▶ _Raw data_:
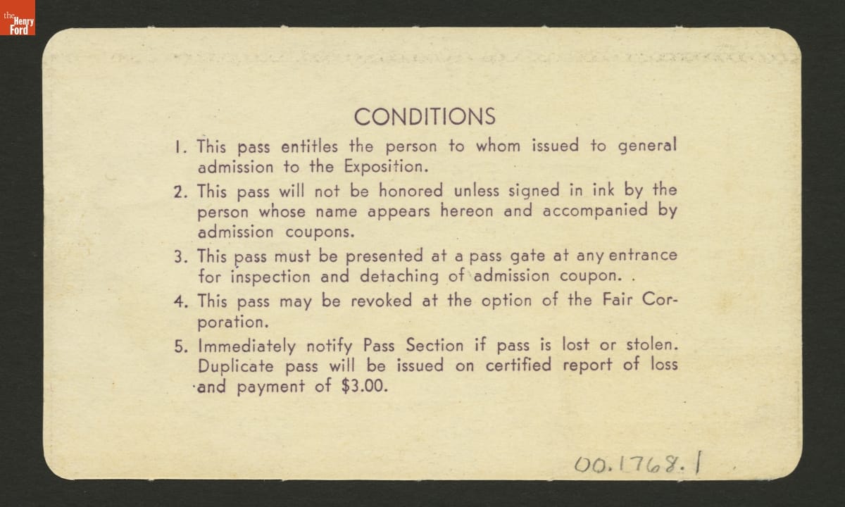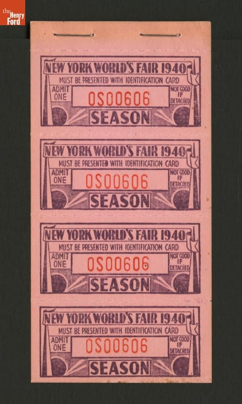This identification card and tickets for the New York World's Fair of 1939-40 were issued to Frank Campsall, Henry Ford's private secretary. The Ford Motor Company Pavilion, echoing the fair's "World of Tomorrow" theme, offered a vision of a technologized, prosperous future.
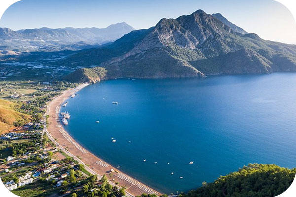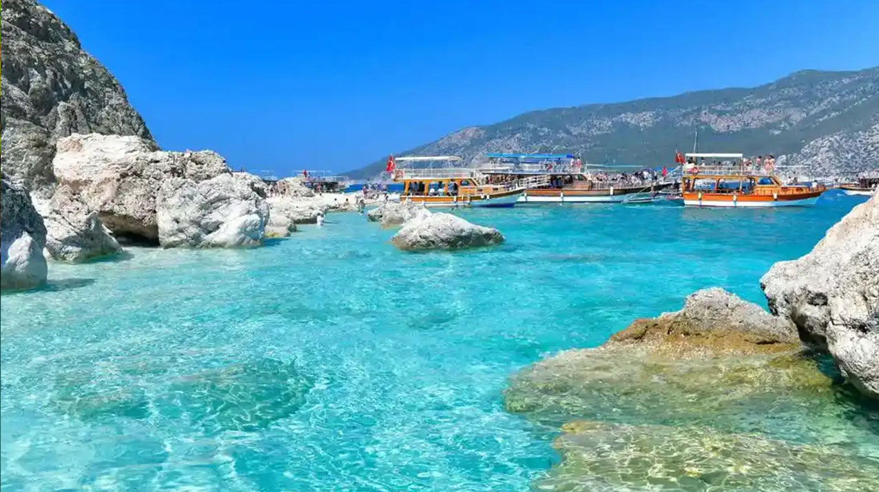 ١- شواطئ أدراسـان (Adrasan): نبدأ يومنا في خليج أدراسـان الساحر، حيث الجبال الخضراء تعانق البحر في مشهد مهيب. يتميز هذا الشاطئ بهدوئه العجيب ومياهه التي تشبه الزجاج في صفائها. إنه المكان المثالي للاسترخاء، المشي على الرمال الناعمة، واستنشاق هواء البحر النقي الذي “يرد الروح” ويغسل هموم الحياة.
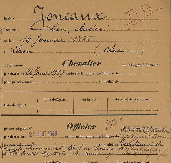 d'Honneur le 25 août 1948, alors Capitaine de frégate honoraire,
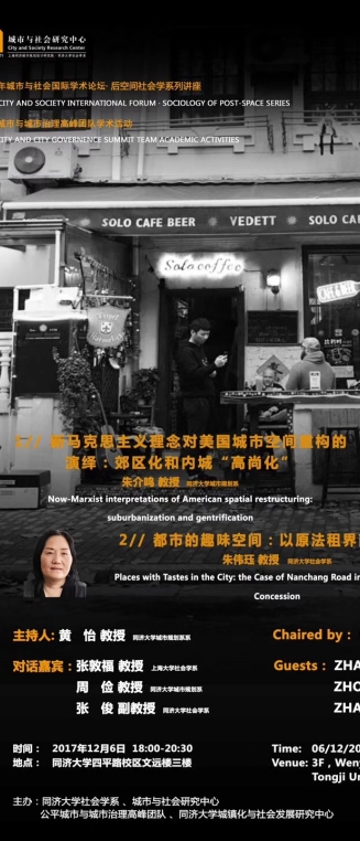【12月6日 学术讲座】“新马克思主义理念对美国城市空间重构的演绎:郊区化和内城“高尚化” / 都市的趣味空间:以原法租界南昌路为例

▶ _Aim of the exercise_: With the pictures omitted, give every line above again exactly.

▶ _Answer box_:
This identification card and tickets for the New York World's Fair of 1939-40 were issued to Frank Campsall, Henry Ford's private secretary. The Ford Motor Company Pavilion, echoing the fair's "World of Tomorrow" theme, offered a vision of a technologized, prosperous future.
 ١- شواطئ أدراسـان (Adrasan): نبدأ يومنا في خليج أدراسـان الساحر، حيث الجبال الخضراء تعانق البحر في مشهد مهيب. يتميز هذا الشاطئ بهدوئه العجيب ومياهه التي تشبه الزجاج في صفائها. إنه المكان المثالي للاسترخاء، المشي على الرمال الناعمة، واستنشاق هواء البحر النقي الذي “يرد الروح” ويغسل هموم الحياة.
 d'Honneur le 25 août 1948, alors Capitaine de frégate honoraire,
【12月6日 学术讲座】“新马克思主义理念对美国城市空间重构的演绎:郊区化和内城“高尚化” / 都市的趣味空间:以原法租界南昌路为例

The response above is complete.